AIM OF THE TASK ▸ In the entries below, find the line with "5、進(jìn)入產(chǎ" and the line with "Z powyższego wynika, ze"; reproduce those two lines and all lines between them exactly, without pictures.

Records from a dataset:
- - - - -

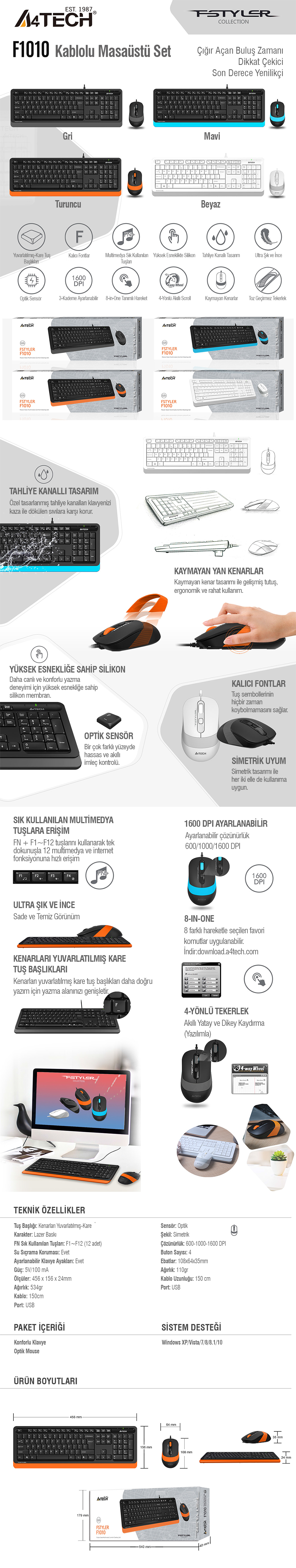 A4 Tech F1010 Fstyler FN Multimedya Q-TR Kablolu Set
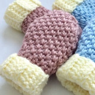 Keep baby toasty this winter with my free baby mittens crochet pattern. These cosy little mittens feature a ribbed double cuff and textured stitch pattern.
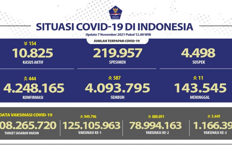 Dengan tambahan sebanyak 444 kasus tersebut, jumlah kasus positif COVID-19 yang Indonesia secara keseluruhan menjadi 4.248.165 kasus.
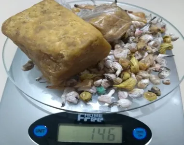 Segundo a polícia, com ele foram encontrados 259 gramas de maconha fracionados em 30 porções. O canil policial foi acionado e, com ajuda dos cães farejadores, foram localizados mais 20 gramas de maconha e 42 pedras de crack.
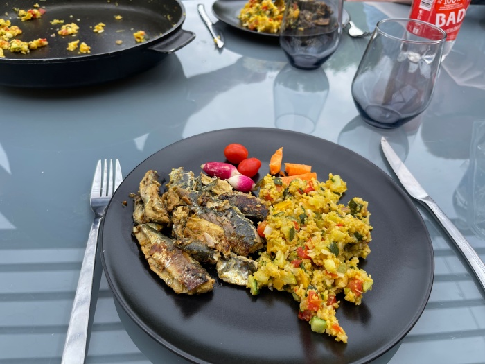 집에 오자마자 버거씨는 점심을 준비했다. 오늘의 메뉴는 정어리 구이.
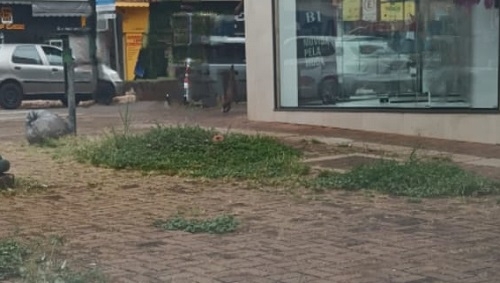 "Av. Capitão Índio Bandeira, esquina com rua Mato Grosso. Mato sobre a calçada em pleno centro. A responsabilidade é de quem? Proprietário do imóvel ou da administração pública?"
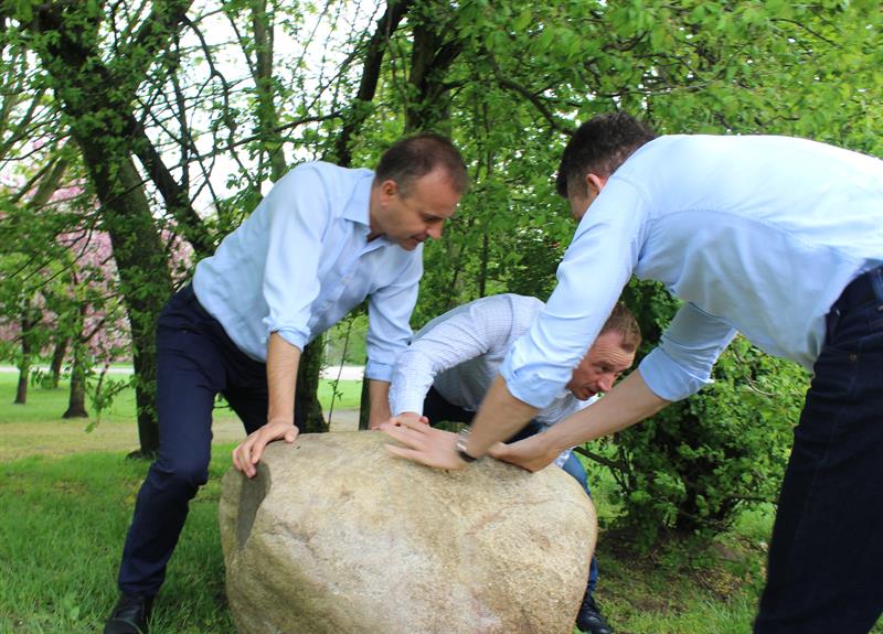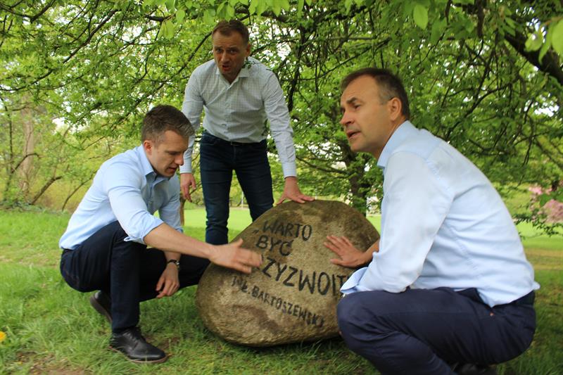 Głaz ze słowami Bartoszewskiego trafił na wybieg dla psów
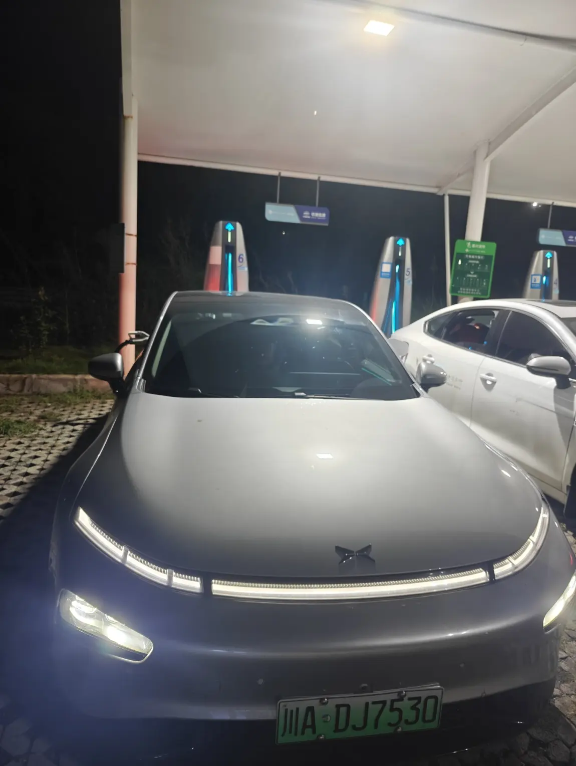 晚上,去荣昌的路上荣昌陶服务区充电,充电体验3颗星。电费:1.6元/度,充电20分钟,共花费 43.71元。提示:当时,我很奇怪怎么国家电网的那边杂草丛生没人充?还是人从众,还是选择了人生比较旺的广汽能源这边充电。其实小鹏发了国庆充电福利,在国家电网那边充,享受66度免费电的额度。没有用上福利有点小遗憾!为了早点赶到酒店,我们只充了20分钟,后面又在酒店旁的充电站补充了30分钟,不过电费就只有8毛一度了,仅花费33.8元,充满电。唯一缺点,入口标志不明显,找了半天。
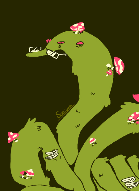 Лесной дикий цербер из пушистых игрушечных червяков. Он часто спит в теплый листьях и еловые иголках, из-за этого на нем растут грибы.
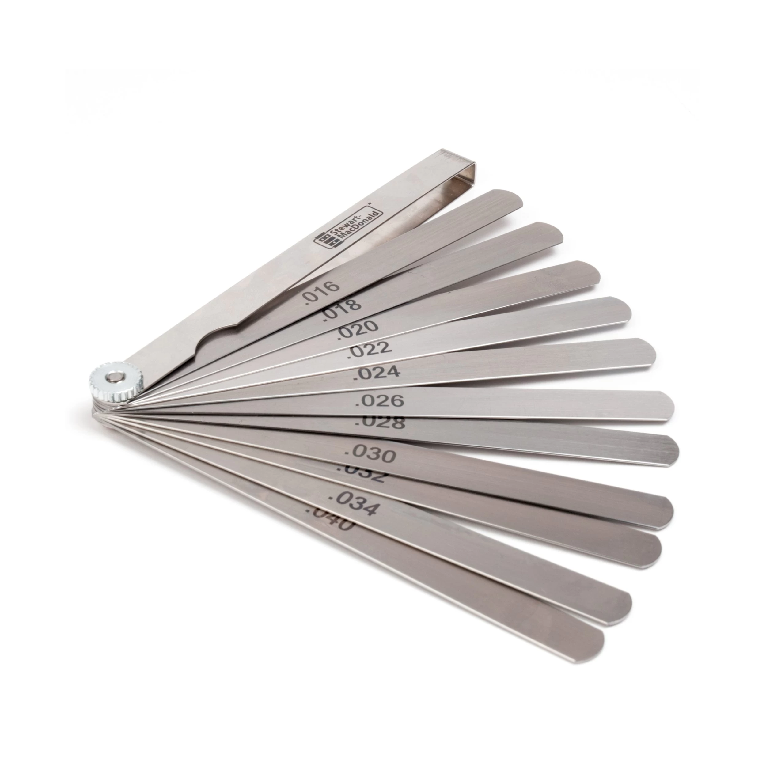 A set of 11 steel gauges that allow precision filing of nut slot depths.
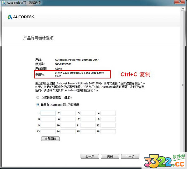 5、進(jìn)入產(chǎn)品許可激活選項(xiàng),復(fù)制申請?zhí)?br />
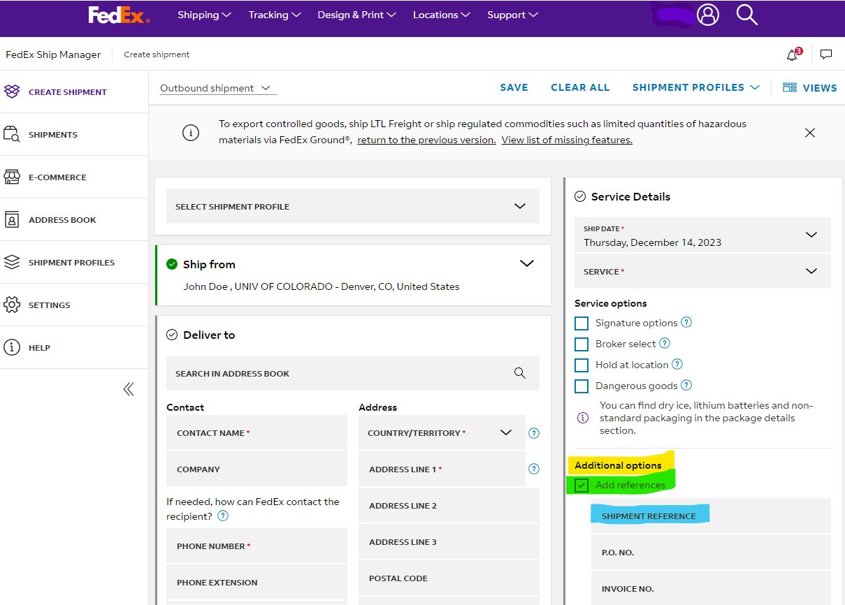 When logged in to your FedEx account and viewing the outbound shipping label, users can look for the "Additional Options" on the right side of the screen (highlighted in yellow). Below that section header, click the box next to “Add References” (highlighted in green). From there, you will see a field appear for a “Shipment Reference” (highlighted in blue) where you can enter your SpeedType for billing purposes.
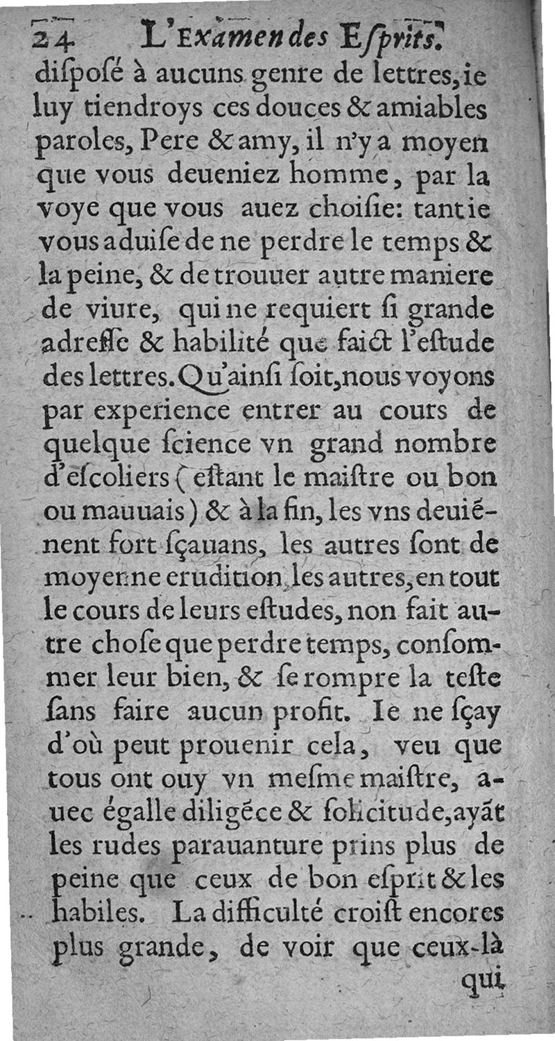 Examen des esprits propres et naiz aux sciences. ...; trad. de l'espagnol en frnaçois par Gabriel Chappuys
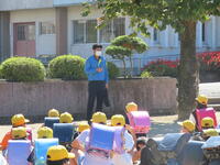 10月5日(水)に、登下校時を想定した不審者対応避難訓練を行いました。実際に不審者役の教員が車に乗って、子どもたちに声をかけたり、追いかけたりして、不審者に会ってしまった場合の対応を訓練しました。帰る際、一人になる子もいると思います。怖くて声が出ない・足がすくむなど、十分に考えられますので、保護者の皆様には、子どもたちの防犯ブザーが鳴るか、鳴らしやすい場所に付いているか、の確認をお願いします。また、地域の皆様には、子どもが下校する時刻に合わせて散歩をしていただくなど、子どもたちが被害にあわないようにご協力をいただければと思います。
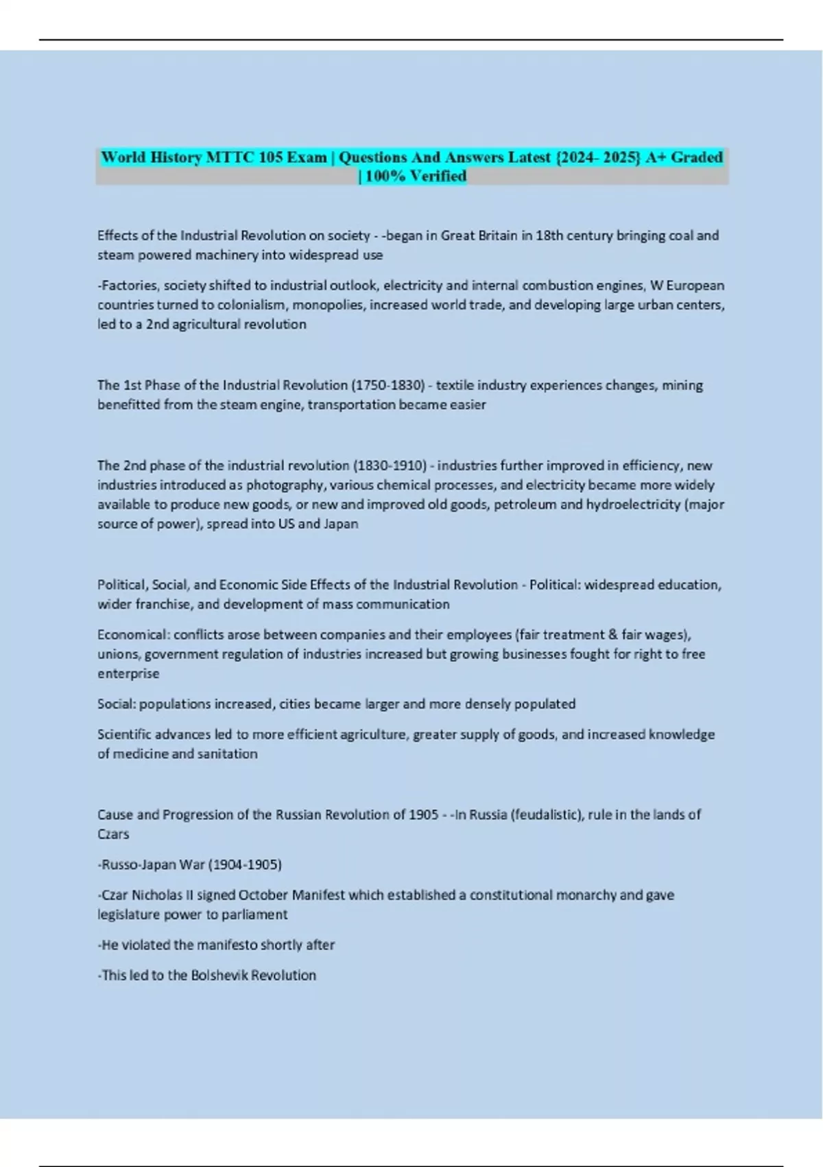 world history mttc 105 exam questions and answer
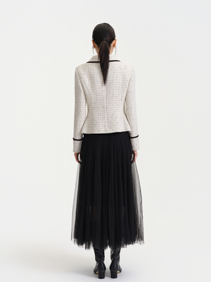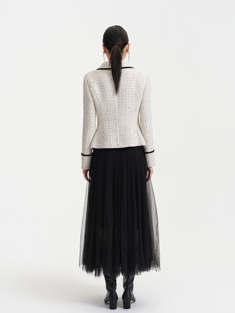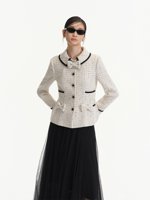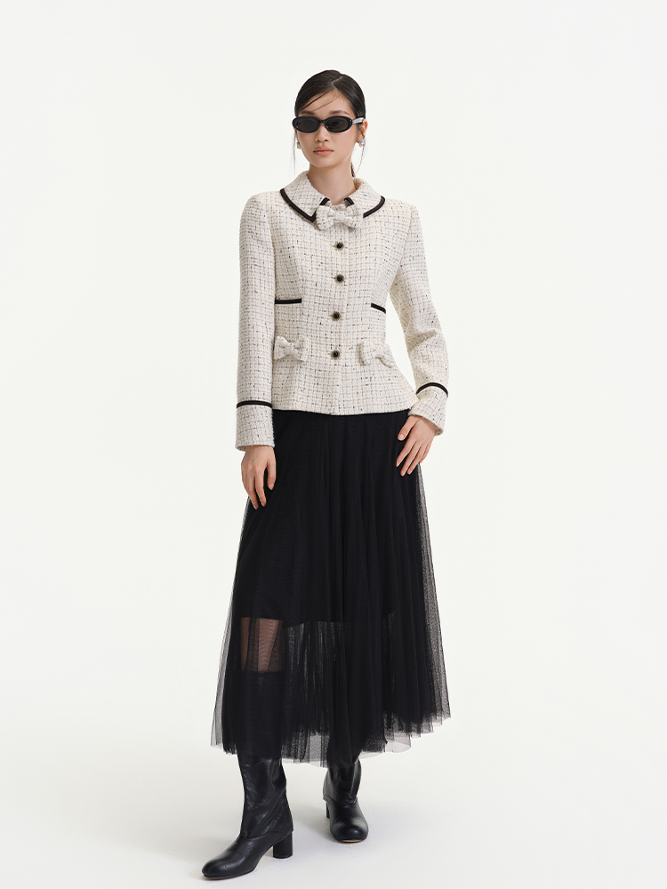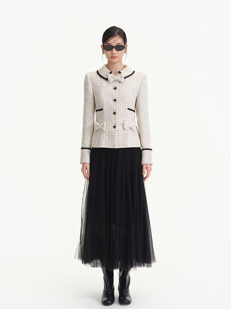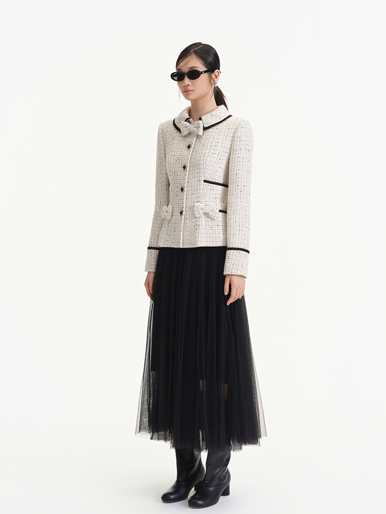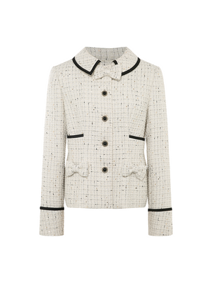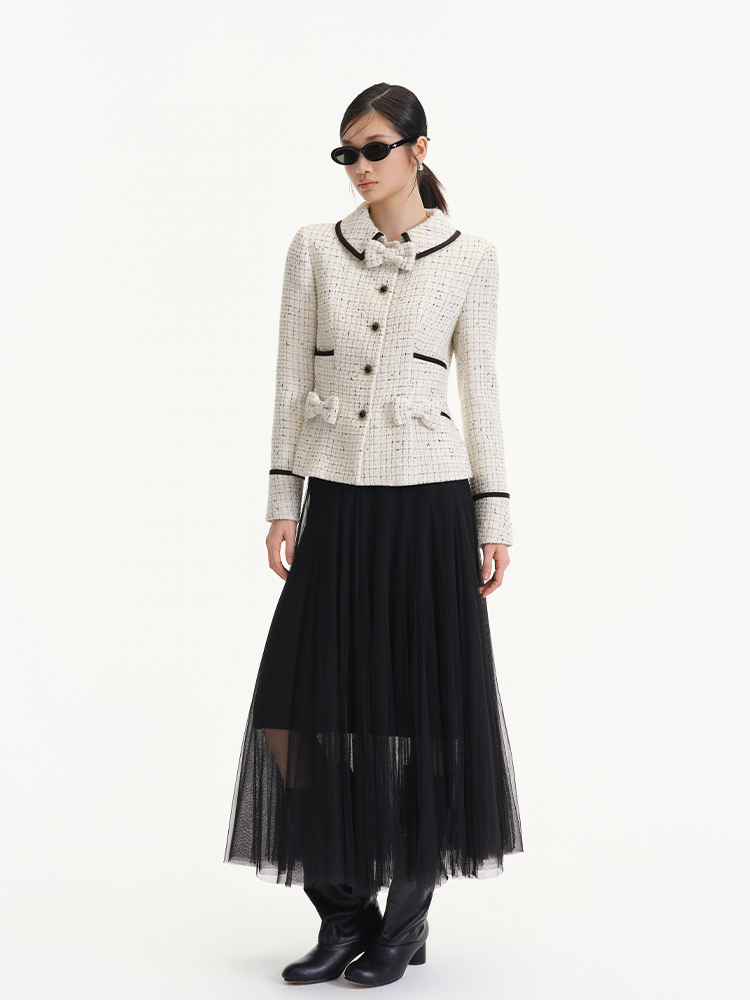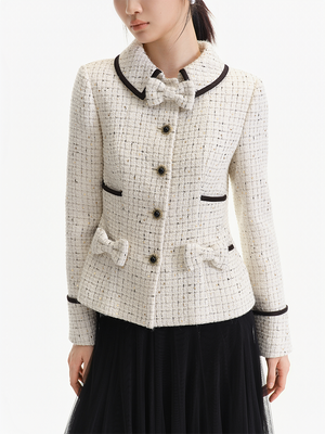 The light beige tweed is soft and classic. The black trim, bows and button designs are its highlights—the black trim enhances the jacket's neatness and sense of layering, while the bows add a sweet element.
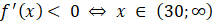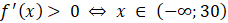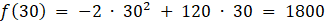 Z powyższego wynika, ze dla x = 30 funkcja f przyjmuje maksimum lokalne, które wynosi:
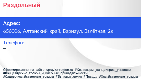 Раздольный по адресу 656006, Алтайский край, Барнаул, Взлётная, 2к в дальнейшем Организация, размещена в следующих категориях:
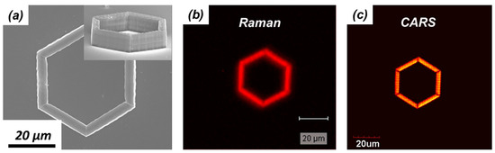 To demonstrate the difference between Raman and CARS signals, a simple test was performed. First, a microstructure was fabricated by TPP using an acrylic based resin (Figure 11a). Then, the microstructure was imaged using confocal Raman and CARS microscopy. The signal generated at 3000 cm−1 was used to build the images of the polymeric microstructure in both cases. The results of the comparison are shown in Figure 11b,c. The confocal Raman microscopy image was acquired using a microscope objective with a numerical aperture of 0.75, an excitation wavelength centered at 514.5 nm, and 35 mW of laser power. Only signal between 2800 and 3000 cm−1 was used. The CARS microscopy image was acquired using a microscope objective with a numerical aperture of 1.1, pump and Stokes wavelengths centered at 800 and 1050 nm, respectively. The laser average powers for the two beams were 4 mW (pump) and 10 mW (Stokes).
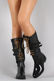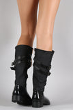 These boots feature a round toe silhouette, d-ring with lace up design, decorative buckle strap detail, and low block heel. Finished with cushioned insole, smooth interior lining, and full-length side zipper closure for easy on/off.
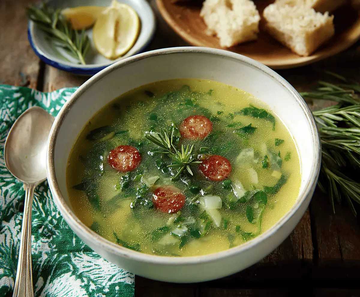 This classic Portuguese soup is both simple and comforting, with smooth potato broth, tender greens, and flavorful sausage slices that float on top. A humble yet satisfying meal—perfect for any occasion!
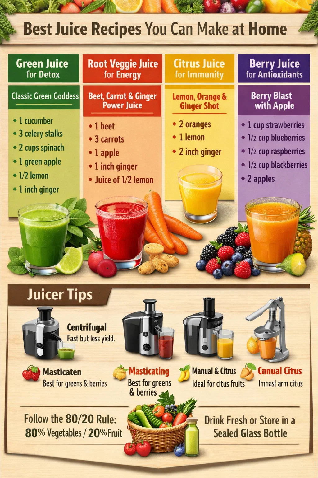 أفضل مختلفة عصير وصفات تجمع بين الخضار و الفواكه بشكل تقريبي نسبة الخضار 80% إلى الفاكهة 20% مما يمنحك أقصى قدر من العناصر الغذائية دون زيادة السكر. سواء كنت تستخدم عصارة تعمل بالطرد المركزي أو عصارة مضغ بالضغط البارد، فإن الفئات الأساسية هي نفسها: العصائر الخضراء، ومزيج الخضروات الجذرية، ومزيج الحمضيات، والمشروبات القائمة على التوت، والتركيبات الاستوائية. تخدم كل فئة غرضًا غذائيًا مختلفًا، وبمجرد فهمك للنمط، يصبح إنشاء وصفاتك الخاصة من الصفر أمرًا سهلاً. تتناول الأقسام أدناه كل نوع رئيسي، مع كميات المكونات الدقيقة والبيانات الصحية والنصائح العملية التي تعمل بغض النظر عن العصارة التي تمتلكها.

- - - - -

RESPONSE BELOW ▸
 5、進(jìn)入產(chǎn)品許可激活選項(xiàng),復(fù)制申請?zhí)?br />
 When logged in to your FedEx account and viewing the outbound shipping label, users can look for the "Additional Options" on the right side of the screen (highlighted in yellow). Below that section header, click the box next to “Add References” (highlighted in green). From there, you will see a field appear for a “Shipment Reference” (highlighted in blue) where you can enter your SpeedType for billing purposes.
 Examen des esprits propres et naiz aux sciences. ...; trad. de l'espagnol en frnaçois par Gabriel Chappuys
 10月5日(水)に、登下校時を想定した不審者対応避難訓練を行いました。実際に不審者役の教員が車に乗って、子どもたちに声をかけたり、追いかけたりして、不審者に会ってしまった場合の対応を訓練しました。帰る際、一人になる子もいると思います。怖くて声が出ない・足がすくむなど、十分に考えられますので、保護者の皆様には、子どもたちの防犯ブザーが鳴るか、鳴らしやすい場所に付いているか、の確認をお願いします。また、地域の皆様には、子どもが下校する時刻に合わせて散歩をしていただくなど、子どもたちが被害にあわないようにご協力をいただければと思います。
 world history mttc 105 exam questions and answer
 The light beige tweed is soft and classic. The black trim, bows and button designs are its highlights—the black trim enhances the jacket's neatness and sense of layering, while the bows add a sweet element.
 Z powyższego wynika, ze dla x = 30 funkcja f przyjmuje maksimum lokalne, które wynosi:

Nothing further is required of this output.